▶ [TASK BRIEF] All pictures must be left out as you transcribe the lines from the first line of the data to the line containing "Young hispanic man", both included.

▶ [SUPPLIED INFORMATION]
--------

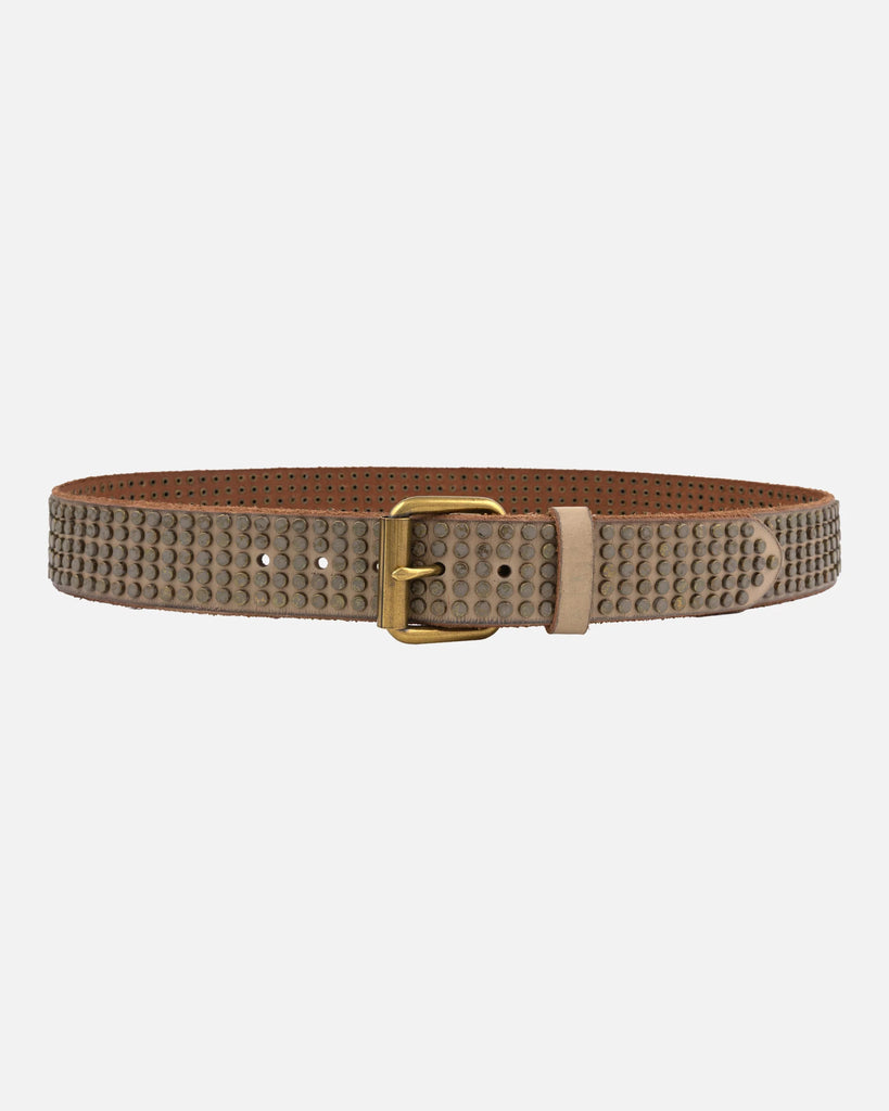 Add subtle glamour to your everyday look with the Camiel Leather Belt, adorned with a grid of antique brass studs for a refined, textured finish. Made from premium leather, this belt offers a soft neutral tone that pairs effortlessly with denim, trousers, or flowing dresses. The polished brass buckle adds a classic touch, while the all-over stud pattern brings a modern edge. Crafted for comfort, durability, and standout style, this belt is a versatile piece that blends elegance with effortless wearability.
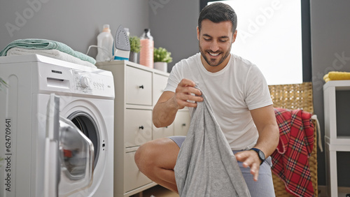 Young hispanic man smiling confident washing clothes at laundry room
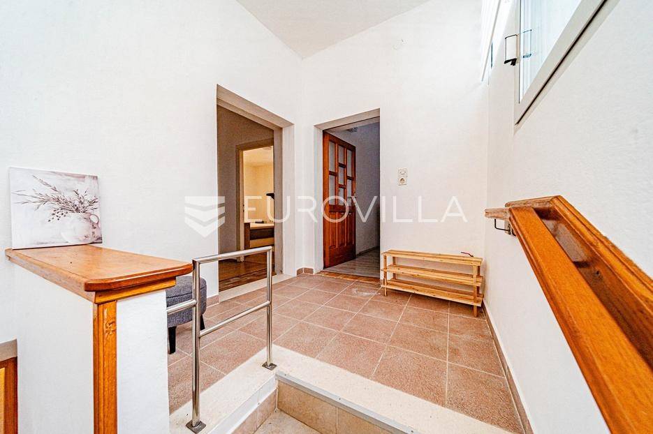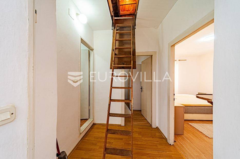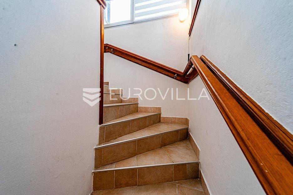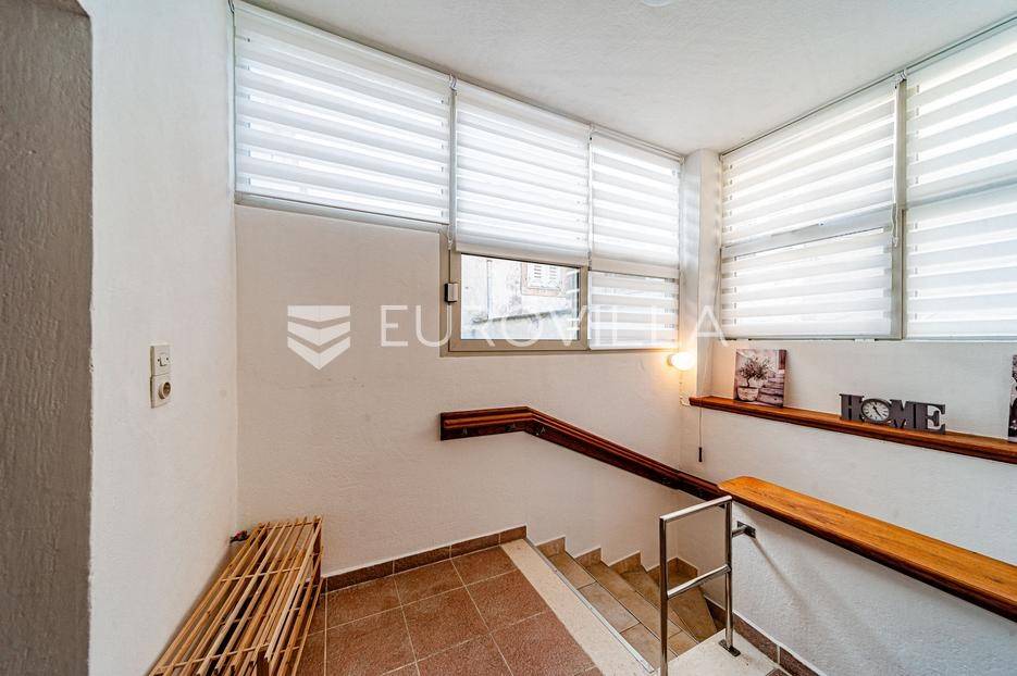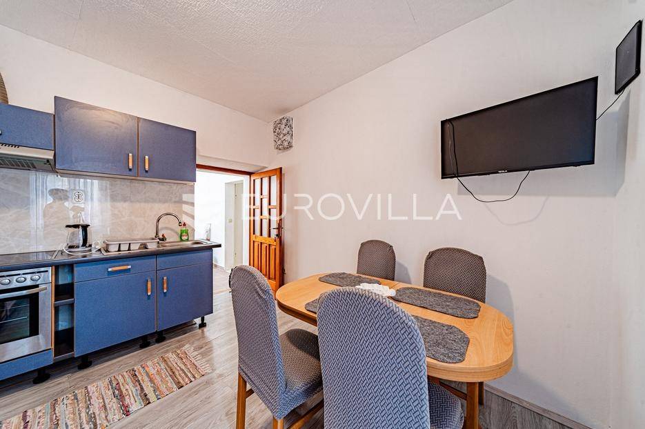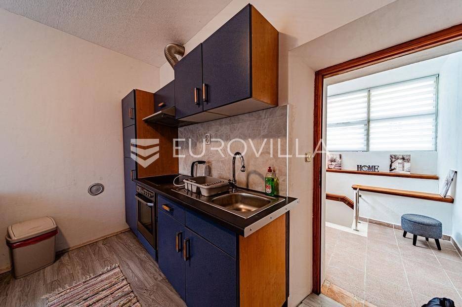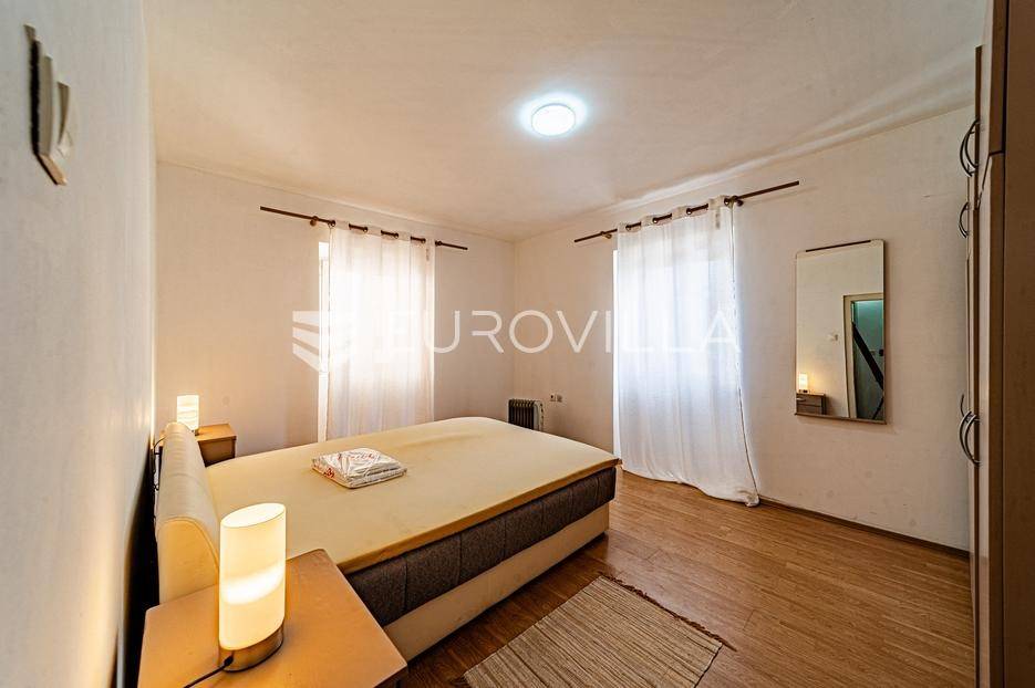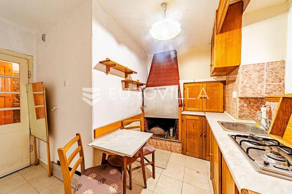 Kamena kuća u centru Vele Luke udaljena 30 metara od rive.Kuća je bruto površine 118 m2 i podijeljena je na dvije etaže. U prizemlju se nalazi hodnik koji vodi do stepeništa za drugu etažu, jedna soba, mala kuhinja s kominom i wc. Stepenice vode na prvi kat gdje se nalazi hodnik, kupaonica, dvije spavaće sobe te kuhinja povezana s dnevnim boravkom.U hodniku su sklopive stepenice koje vode u potkrovlje. Potkrovlje pokriva polovicu tlocrtne površine kuće a ostatak je terasa koja ima južnu orijentaciju.Sve prostorije su opremljene i kuća je priključena na vodovodnu i elektro mrežu. Nedaleko od kuće se nalaze restorani, trgovine, pošta i ljekarna. Kuća nema osigurano parkirno mjesto.Stojimo na raspolaganju za sve ostale informacije.... Više na eurovilla.hr, ID: 837171

--------

▶ [RESPONSE]
 Add subtle glamour to your everyday look with the Camiel Leather Belt, adorned with a grid of antique brass studs for a refined, textured finish. Made from premium leather, this belt offers a soft neutral tone that pairs effortlessly with denim, trousers, or flowing dresses. The polished brass buckle adds a classic touch, while the all-over stud pattern brings a modern edge. Crafted for comfort, durability, and standout style, this belt is a versatile piece that blends elegance with effortless wearability.
 Young hispanic man smiling confident washing clothes at laundry room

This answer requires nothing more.